NCAA athletes are one step closer to being allowed to profit from their name, image and likeness.
The NCAA announced Wednesday that its Board of Governors supports rule changes that, if approved by the NCAA's full membership, will allow student-athletes to profit from their fame and receive compensation for third-party endorsements both related to and separate from athletics, as well as social media, digital content creation, personal businesses, appearances and autograph signings.
Per the recommended new rules, which were developed by a working group co-chaired by Ohio State athletic director Gene Smith, the NCAA would allow student-athletes to be paid for promotional opportunities, student-athletes will be allowed to identify themselves by their sport and schools but cannot use any school logos or trademarks. They will also be required to disclose all sponsorships to their schools, as well as their relationships with any individuals involved in those sponsorships.
The NCAA is expected to vote on the proposed rule changes in January 2021, so the new rules would go into effect for the 2021-22 academic year. The current model prohibiting student-athletes from being paid for name, image and likeness benefits will remain in place until then.
Under the timeline proposed by the working group's recommendations released Wednesday, legislative proposals are expected to be drafted by the NCAA's Division I, II and III by August 30, reviewed and revised by October 31 and approved by January 31.
“The NCAA’s work to modernize name, image and likeness continues, and we plan to make these important changes on the original timeline, no later than January 2021,” Smith said in the NCAA's announcement. “The board’s decision today provides further guidance to each division as they create and adopt appropriate rules changes.”
During a teleconference on Wednesday, Smith said there will be no cap placed on the total amount of money a student-athlete can earn from name, image and likeness benefits, though the NCAA is working to determine what constitutes fair market value in order to regulate what allowable benefits should be.

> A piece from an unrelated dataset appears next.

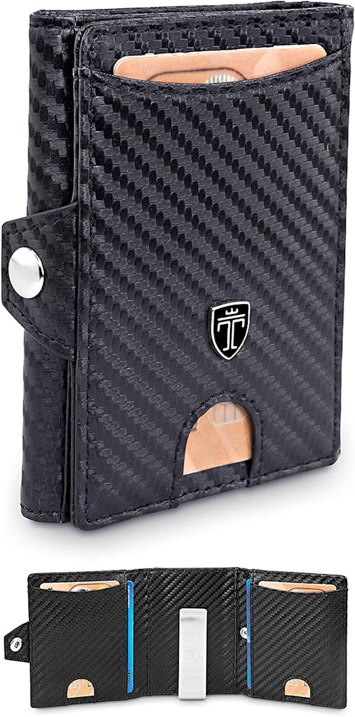 This trifold clutch comes with a wrist strap, allowing you to use it as a purse. With seven card slots, three transparent ID windows — two of which you can use to keep photos in — and two compartments for cash. Plus, there’s a zippered outer pocket. It’s made from faux leather that one Amazon reviewer described as “sturdy,” and the interior is protected with a zipper and RFID-blocking technology.

Student-athletes will be allowed to consults with agents and advisors to help them pursue promotional opportunities, but those agents will not be allowed to help them pursue professional sports opportunities during their collegiate careers.
Schools will still be prohibited from directly paying student-athletes, and they will not be allowed to arrange opportunities for their student-athletes to receive name, image and likeness benefits. Athletes who fail to disclose financial agreements could still compromise their eligibility.
The working group's report does not recommend placing an outright ban on receiving compensation from individuals classified as boosters, but instructs the NCAA's divisions to “study whether it is possible to adopt rules and enforcement techniques sufficient to ensure that any compensation paid by boosters purportedly for use of student-athlete NIL represents genuine compensation for use of those NIL rights, separate from athletics participation, rather than disguised payments for athletics participation.”
Wednesday's recommendations are limited to individual name, image and likeness rights and do not allow for group licenses, such as those that would be necessary for the return of NCAA video games. Big East commissioner Val Ackerman, co-chair of the Federal and State Legislation Working Group, said the working group determined that group licenses for video games are “unworkable in college sports,” though that possibility will continue to be explored in future discussions.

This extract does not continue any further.